AMP rose 1c to $9.20, even though the UK sharemarket's life insurance index
soared 7 per cent on Monday night, led by Friends Provident and Aviva.
The sector was buoyed by a move by the UK industry regulator to ease the
pressure on life insurers to meet strict regulatory solvency levels and sell
shares into falling equity markets.
Insurers who were not meeting regulatory standards could discuss with the
Financial Services Authority (FSA) ways to improve solvency, including the
closure of some life funds to new business, raising shareholder capital and
selling businesses.
Given AMP had been undertaking these measures since June last year because
its Pearl ``with-profits" fund was not meeting these standards, the FSA's
announcement implies that it had forced AMP to undertake many of these measures,
one analyst said.
UBS Warburg's Frank Costigan said AMP's capital position in its UK life
subsidiaries remained finely balanced, despite the injection of #1.5 billion
($2.8 billion) in capital in the past year.

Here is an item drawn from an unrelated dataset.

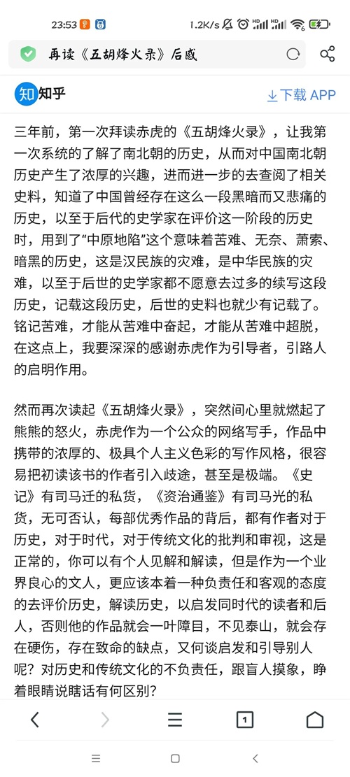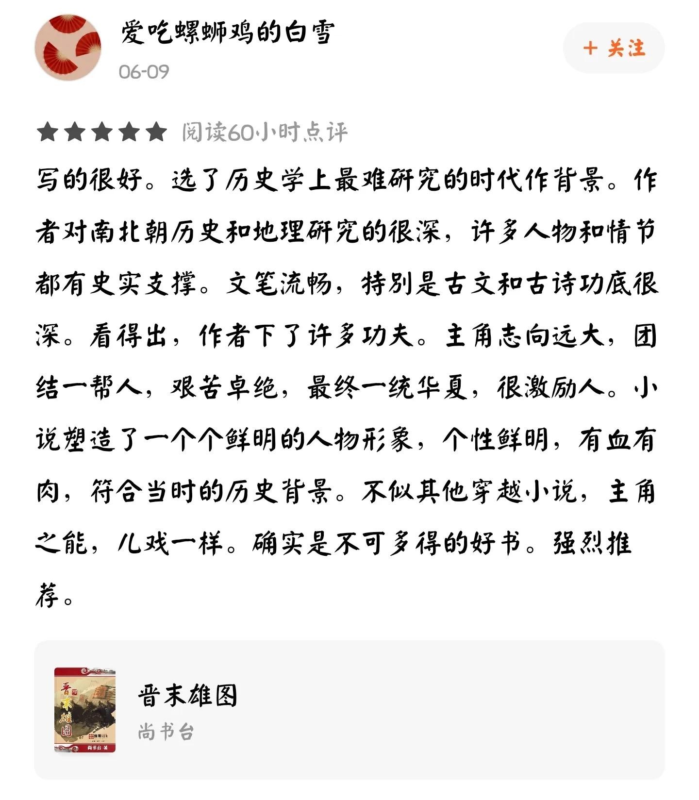 第二本《五胡烽火录》作者:赤虎,字数225万。已完结。赤虎也是高产历史类作家了,他的书说实话,我不是很喜欢,有点偏激,夹带私货过多。但仍然值得一读!此书书评我引用某位网友的,见下图:

Warburg has lowered its valuation on AMP from $10.70 to $10, but cited key
risks as continued weak sharemarkets, falling sales and pressure on margins.
Another analyst even raised the possibility that AMP might need to raise new
capital via a raising, though this was played down by sources close to the
company.
Merrill Lynch said the FSA's new position lessened the risk of a capital
raising but ``if the FTSE does not recover in the medium term, we believe a
capital raising could be a possibility at some stage".
``AMP's fortunes remain tied to the FTSE almost like a margin loan," Merrill
said. ``If the FTSE recovers strongly, capital will be released. If the FTSE
continues to decline a deficit will form."
Merrill said the FTSE looked ``relatively inexpensive", trading on a
price/earnings ratio of 11 times compared to 14 times historically and a 4.2 per
cent dividend yield. ``However, the dividend yield of 4 per cent plus on a
prospective basis might be at risk as many of the large financials could be
forced to cut [dividend] payouts, including Lloyds TSB, Aviva, Prudential and
Abbey National, to restore balance sheets which have been decimated by weak
equity markets."
AMP expects to report an annual loss of $900 million later this month.